KEGG categories of T. multiceps unigenes.

Overall, 11,645 unigenes were annotated against KEGG database. The GIP category represents ‘genetic information processing’ and EIP denotes ‘environmental information processing’.

KEGG categories of T. multiceps unigenes.
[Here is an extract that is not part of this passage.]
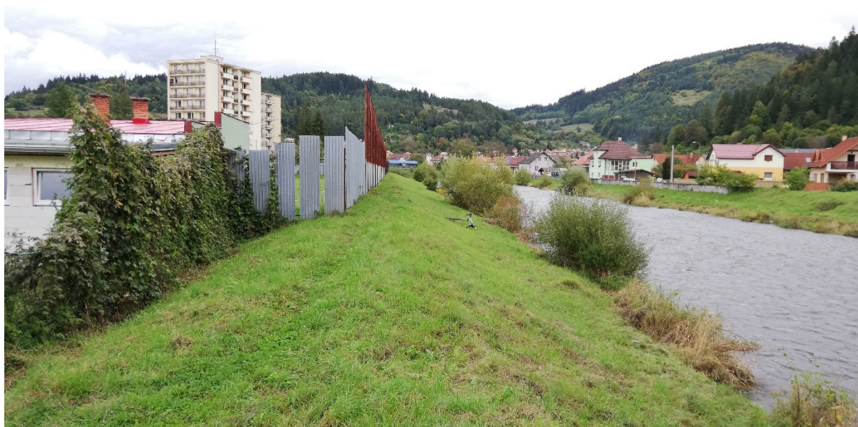
Foto 37 – Intravilán Brusno, hrádza pri futbalovom ihrisku na pravom brehu Hrona, miestna časť Ondrej n/H V mieste charakteristického rezu SVR A8-1

Overall, 11,645 unigenes were annotated against KEGG database. The GIP category represents ‘genetic information processing’ and EIP denotes ‘environmental information processing’. To identify domain-based annotations, unigenes were used to search the domain/families according to the InterPro and Pfam databases (e-value <1.0−5). As a result, 25,457 (81.38%) sequences obtained the entry description against InterPro and were categorized into 4,562 domains/families. Most domains/families were found to contain more than one unigene. According to the frequency of occurrence of T. multiceps unigenes contained in each InterPro domain, InterPro domains/families were ranked and the 30 most abundant InterPro domains/families are shown in Table 2. Among these InterPro domains/families, ‘Ankyrin repeat’ (226), ‘WD40 repeat’ (142) and its subgroup ‘WD40 repeat, subgroup’ (110), and ‘Srchomology-3 domain’ (103) were ranked as the most common domains/families. The majority of these were ‘Fibronectin, type III’ (91), the ‘Helicase, C-terminal’ (86), and the ‘RNA recognition motif domain’ (81). Moreover, 12,909 (41.27%) sequences could be mapped to entries in the Pfam database, defined by 3,396 different domains/families (Table 1). The five most abundant Pfam domains were ‘Protein kinase’ (327), ‘WD40’ (205), ‘RNA recognition motif_1’ domain (197), ‘HSP 70’ (99) and ‘Ank_2’ (88). The former three Pfam domains were included in the InterPro domain list mentioned above, and the 30 most abundant domains are shown in Table S2.

Table 2

The 30 most abundant InterPro domains/families in T. multiceps unigenes.

InterPro entry	InterPro domains/families	No. of Tm unigenes
IPR002110	Ankyrin repeat	226
IPR001680	WD40 repeat	142
IPR019781	WD40 repeat, subgroup	110
IPR001452	Src homology-3 domain	103
IPR003961	Fibronectin, type III	91
IPR001650	Helicase, C-terminal	86
IPR000504	RNA recognition motif domain	81
IPR007087	Zinc finger, C2H2-type	79
IPR019734	Tetratricopeptide repeat	79
IPR019782	WD40 repeat 2	75
IPR015880	Zinc finger, C2H2-like	74
IPR020683	Ankyrin repeat-containing domain	72
IPR000980	SH2 motif	60
IPR001715	Calponin homology domain	60
IPR013783	Immunoglobulin-like fold	57
IPR011009	Protein kinase-like domain	55
IPR000242	Protein-tyrosine phosphatase, receptor/non-receptor type	53
IPR003591	Leucine-rich repeat, typical subtype	53
IPR001478	PDZ/DHR/GLGF	51
IPR013032	EGF-like region, conserved site	49
IPR015943	WD40/YVTN repeat-like-containing domain	48
IPR002453	Beta tubulin	48
IPR001781	Zinc finger, LIM-type	47
IPR000719	Protein kinase, catalytic domain	46
IPR013083	Zinc finger, RING/FYVE/PHD-type	45
IPR002126	Cadherin	44
IPR017868	Filamin/ABP280 repeat-like	43
IPR000217	Tubulin	42
IPR011011	Zinc finger, FYVE/PHD-type	39
IPR006210	Epidermal growth factor-like	39

In total, 26,110 (83.47%) unigenes showed significant similarities to know proteins in the seven public databases (Table 1). After alignment against these databases, a total of 20,986 (66.8%) CDSs were inferred, 17,724 CDSs were predicted by Blastx and 3,172 CDSs by ESTScan.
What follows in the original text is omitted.